When the Supreme Court blocked OSHA’s vaccine-or-test mandate on Thursday while upholding the Centers for Medicare & Medicaid Services’ vaccine requirement for all health workers, you might think this was a split decision with the justices just calling balls and strikes. You’d be dead wrong.
First let’s discuss just how hypocritical the six conservative justices are. The court insists on some of the strictest COVID-19 policy rules in the nation. All attorneys must take a PCR test and wear N95 or KN95 masks in court. But what they demand for themselves they deny to a construction or assembly worker. In other words, the most privileged can protect themselves, but they would deny that protection to everyday workers.

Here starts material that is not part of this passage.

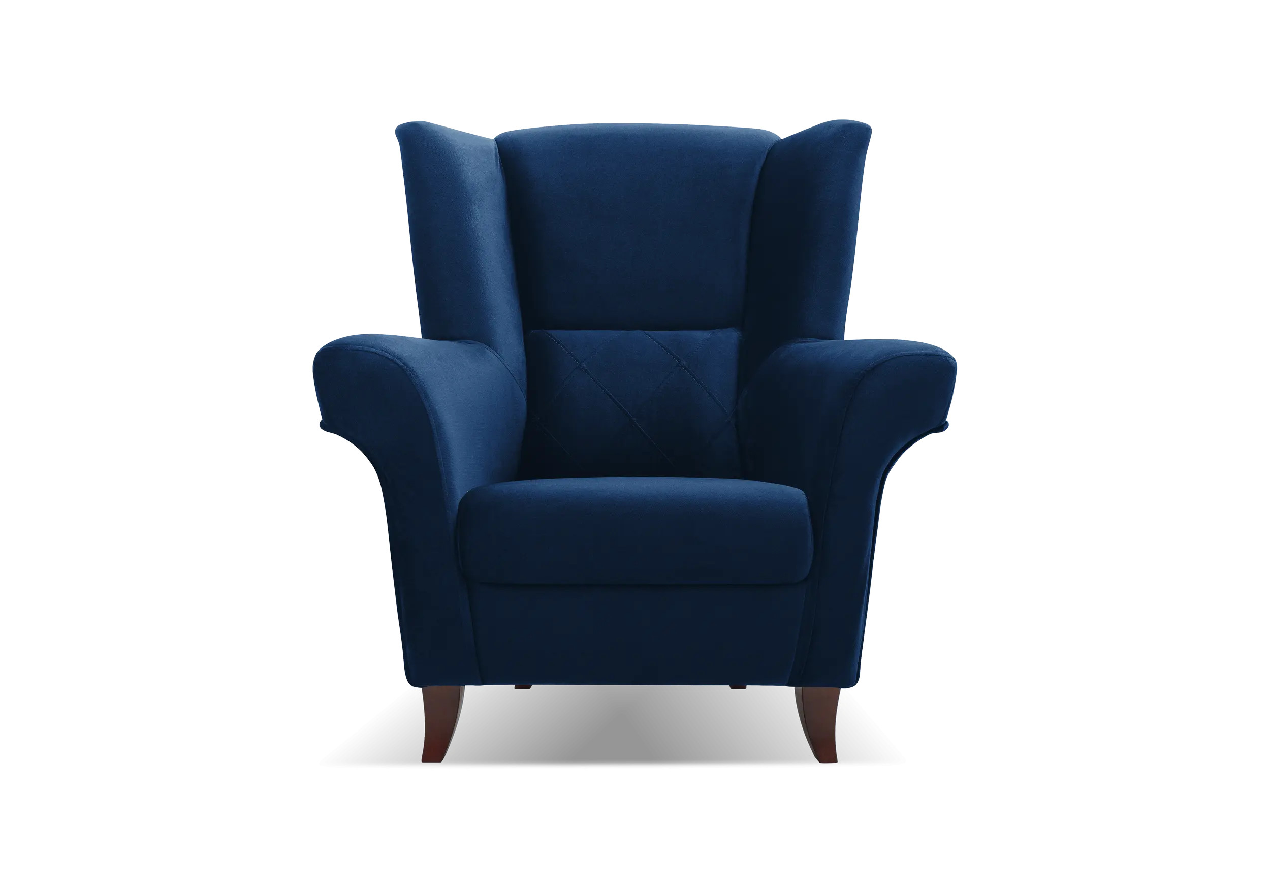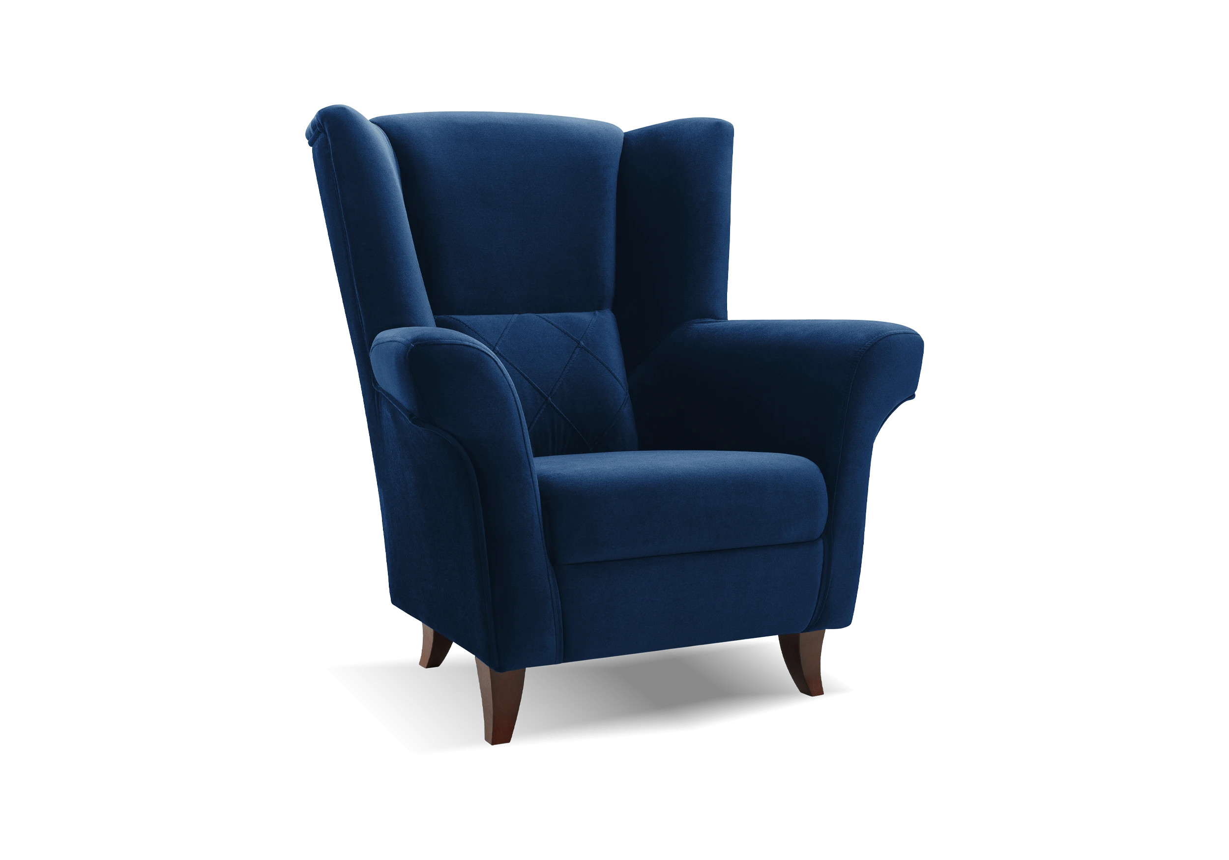 Fotel wykonany jest z tkanin welurowych, miłych i przyjemnych w dotyku.

The Supreme Court’s decision will directly result in thousands of preventable deaths.
We’ve been stuck at a vaccination rate of just over 60 percent, and far lower for boosters. That places us near the bottom of our peer nations. The president’s only shot at boosting vaccination coverage was his large business mandate, which would have reached 85 million workers. By comparison, the CMS mandate is small change because most health workers are already vaccinated and large hospitals already require it. OSHA itself estimated its rule would save the lives of 6,500 workers, but that doesn’t factor in the lives of family members and others that a mandate would also have protected.
The disastrous ruling will hit especially hard in red states where governors are fiercely opposed to mandates. States like Florida, Texas, and Arkansas actually ban employers from requiring vaccinations, even if employers think it’s a smart business decision, which it is. And the OSHA rule would have provided political cover to business leaders worried about facing a public and political backlash. It also would have preempted anti-vax state laws.
Let’s examine the court’s reasoning. The justices were clearly hostile from the start about big, bold federal regulation. They kept calling OSHA’s rule a vaccine mandate, which it isn’t. Employees can simply be tested and masked—a really basic workplace safety strategy, and hardly an overreach.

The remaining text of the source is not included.